CAPEC-127: Directory Indexing
An adversary crafts a request to a target that results in the target listing/indexing the content of a directory as output. One common method of triggering directory contents as output is to construct a request containing a path that terminates in a directory name rather than a file name since many applications are configured to provide a list of the directory's contents when such a request is received. An adversary can use this to explore the directory tree on a target as well as learn the names of files. This can often end up revealing test files, backup files, temporary files, hidden files, configuration files, user accounts, script contents, as well as naming conventions, all of which can be used by an attacker to mount additional attacks.
CAPEC-665: Exploitation of Thunderbolt Protection Flaws
An adversary leverages a firmware weakness within the Thunderbolt protocol, on a computing device to manipulate Thunderbolt controller firmware in order to exploit vulnerabilities in the implementation of authorization and verification schemes within Thunderbolt protection mechanisms.

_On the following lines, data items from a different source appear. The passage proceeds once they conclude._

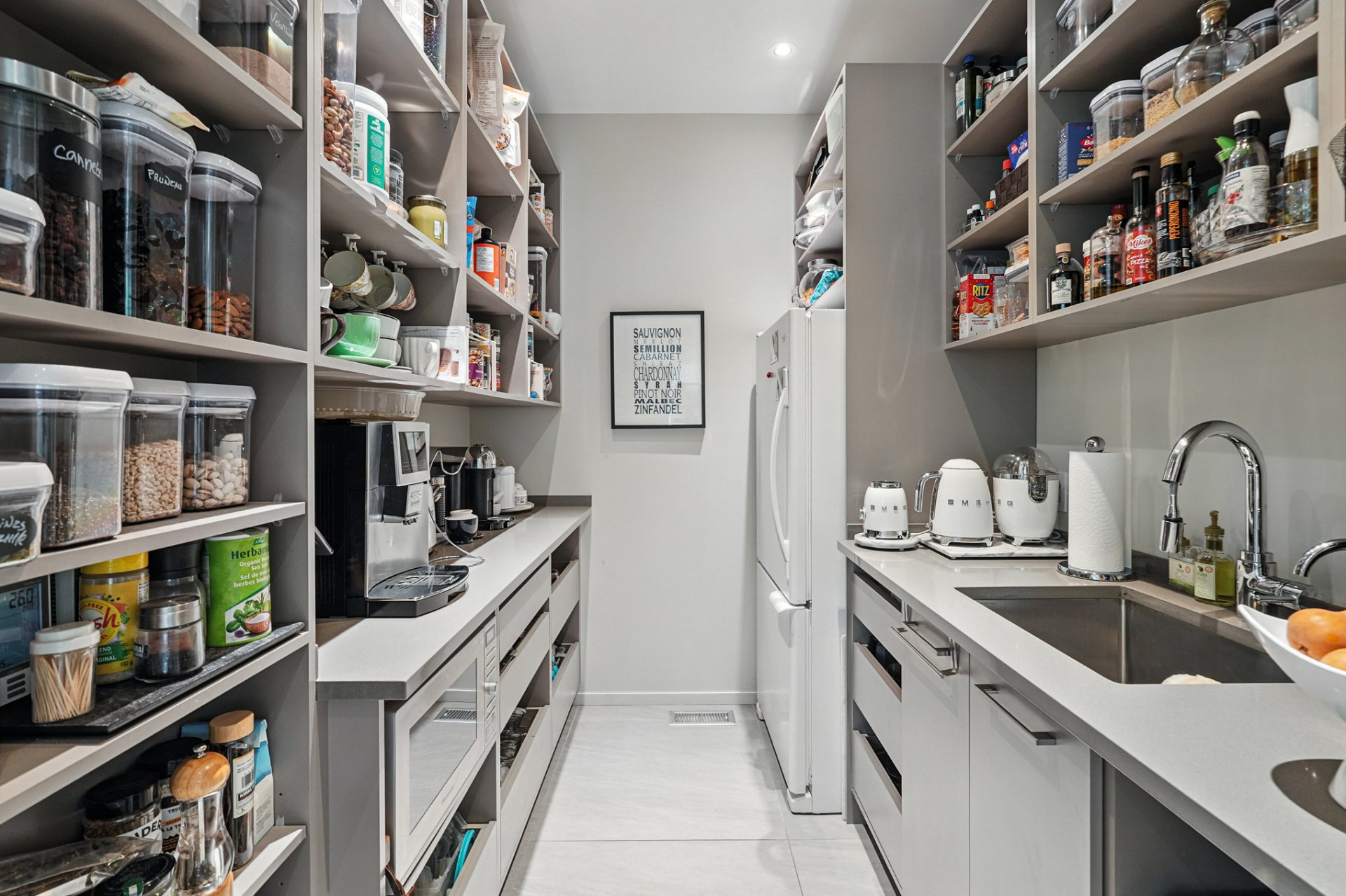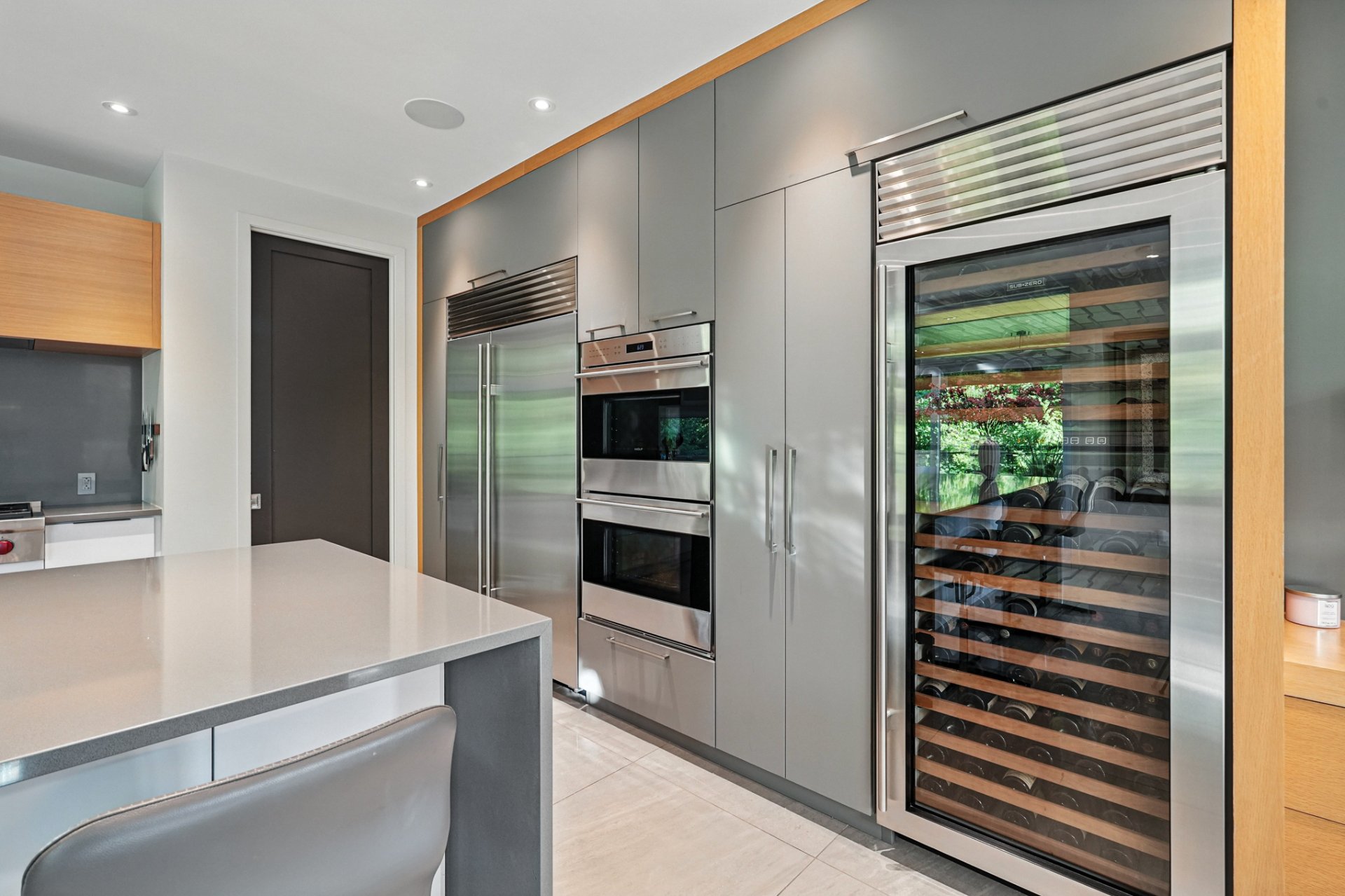 Practical entrance hall with mud room and direct garage access. Majestic living room with over 12-ft ceilings and natural gas fireplace. Gourmet kitchen featuring Wolf, Sub-Zero, and Miele appliances, dual-zone wine cellar, double wall oven, and walk-in pantry with sink.
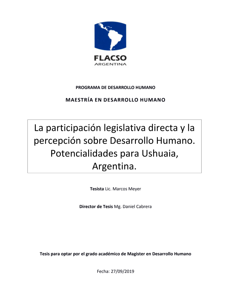 Meyer, Marcos. 2019. La participación legislativa directa y la percepción sobre Desarrollo Humano : potencialidades para Ushuaia, Argentina. Tesis de Maestría. FLACSO. Sede Académica Argentina, Buenos Aires.
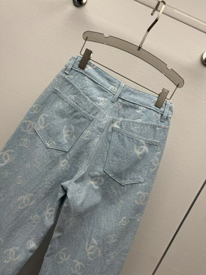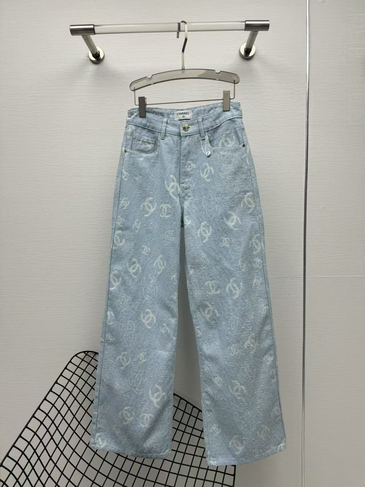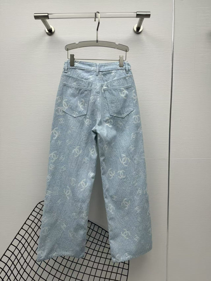 25ss early spring new style light-colored jacquard all-over printed straight jeans丨High version produced! Made of imported pure cotton presbyopia gold silk fabric, the texture is soft and comfortable. The light color is very suitable for spring and summer~ It is a super noble style. The straight version is visually slimmer and can be worn casually with a light luxury feel.
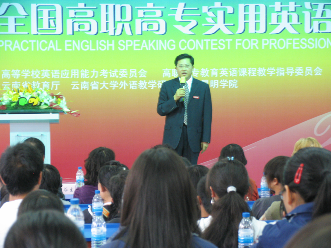 由高等学校英语应用能力考试委员会、高职高专教育英语课程教学指导委员会、高等教育出版社主办,云南省教育厅、云南省大学外语教学研究会和best365足球官网联合承办的“第五届全国高职高专实用英语口语大赛(云南赛区复赛)”于2008年10月11日上午在昆师路校区隆重举行。出席比赛现场的领导有:省教育厅高教处张国华处长、best365足球官网罗明东副院长、云南师范大学原一川副校长、云南省大学外语教学与考试指导委员会梁育全主任、云南省大学外语教学研究会杨世强会长、赵安海副会长等;来自全省30所高职高专院校的31名参赛选手分别进行了精彩纷呈的演讲比赛,参赛院校的带队领导、指导教师和参赛选手共200余人观看了比赛。
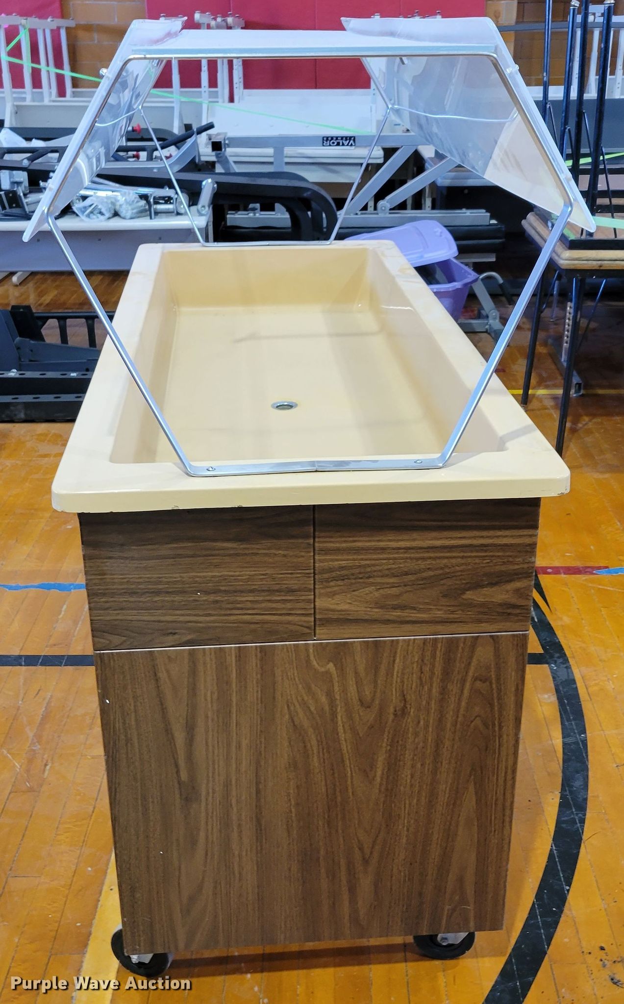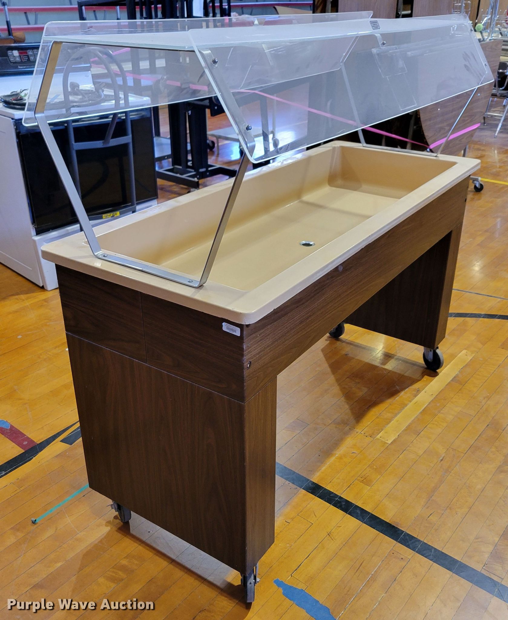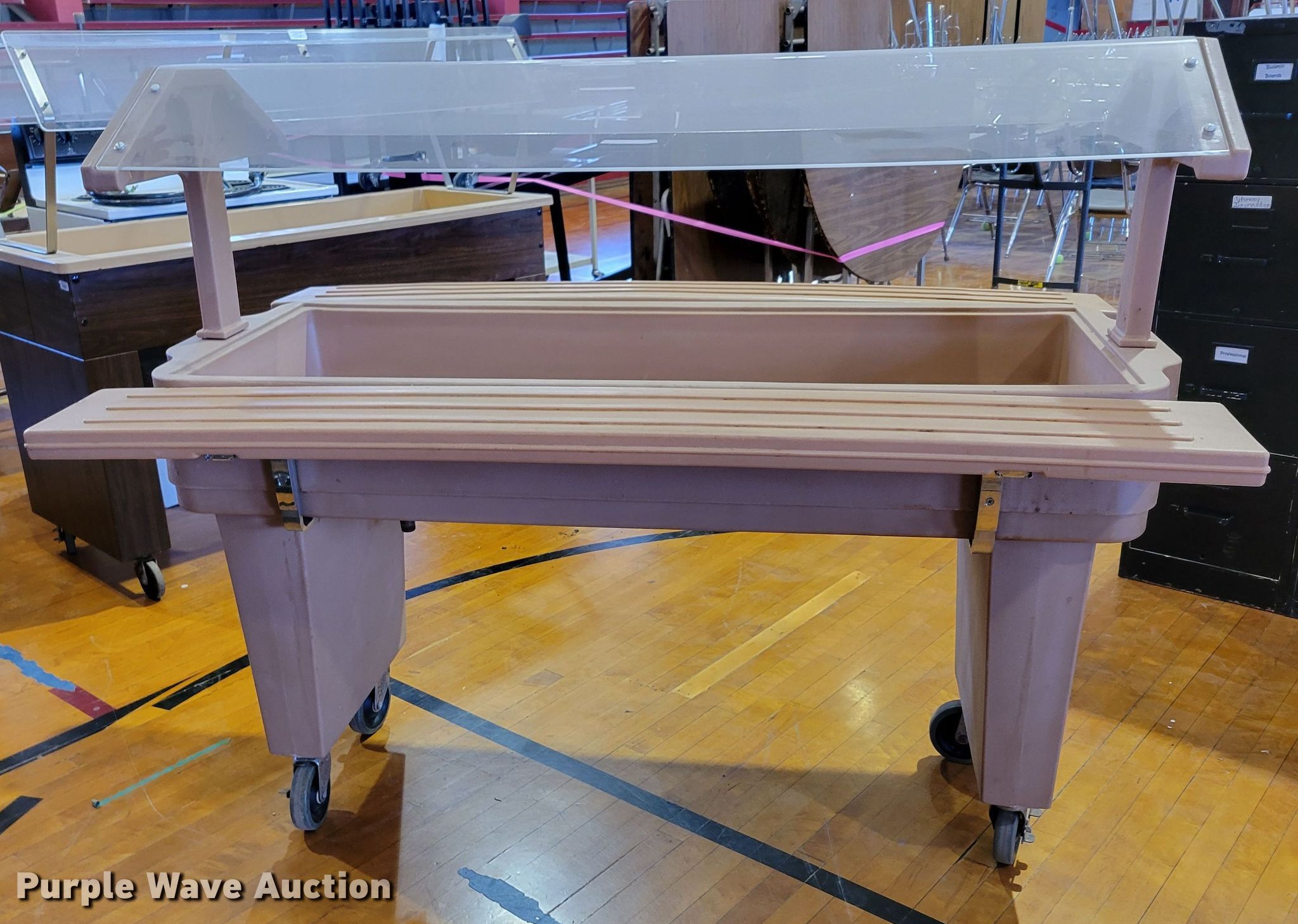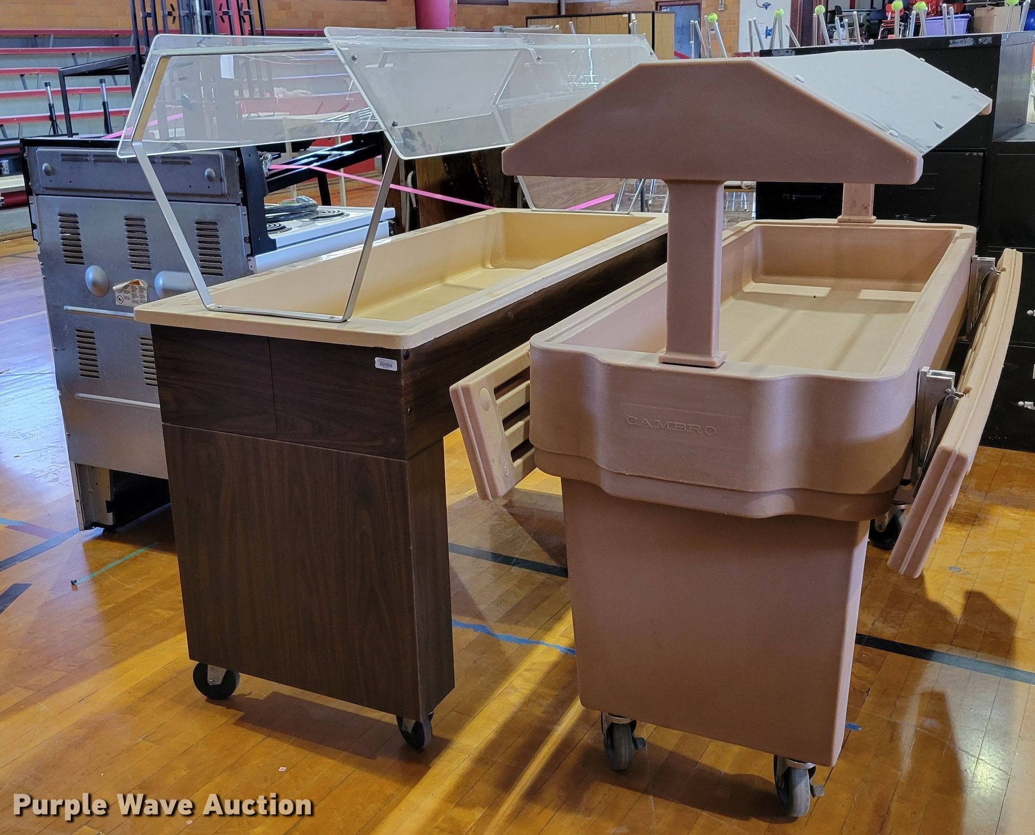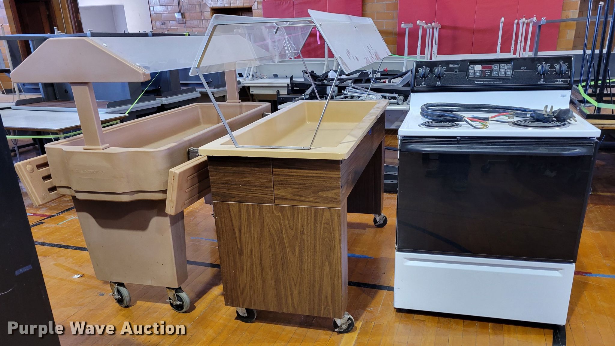 Purple Wave is selling a used Restaurant Equip. in Iowa. This item is a Restaurant equipment with the following: Cambro salad bar, 63"L x 40"W x 52"H, Sneeze guard, Salad bar, 61"L x 25"W x 53"H, Sneeze guard, Magic Chef range, (2) 220V cords

Upon gaining physical access to a target device, the adversary conducts high-level firmware manipulation of the victim Thunderbolt controller SPI (Serial Peripheral Interface) flash, through the use of a SPI Programing device and an external Thunderbolt device, typically as the target device is booting up. If successful, this allows the adversary to modify memory, subvert authentication mechanisms, spoof identities and content, and extract data and memory from the target device. Currently 7 major vulnerabilities exist within Thunderbolt protocol with 9 attack vectors as noted in the Execution Flow.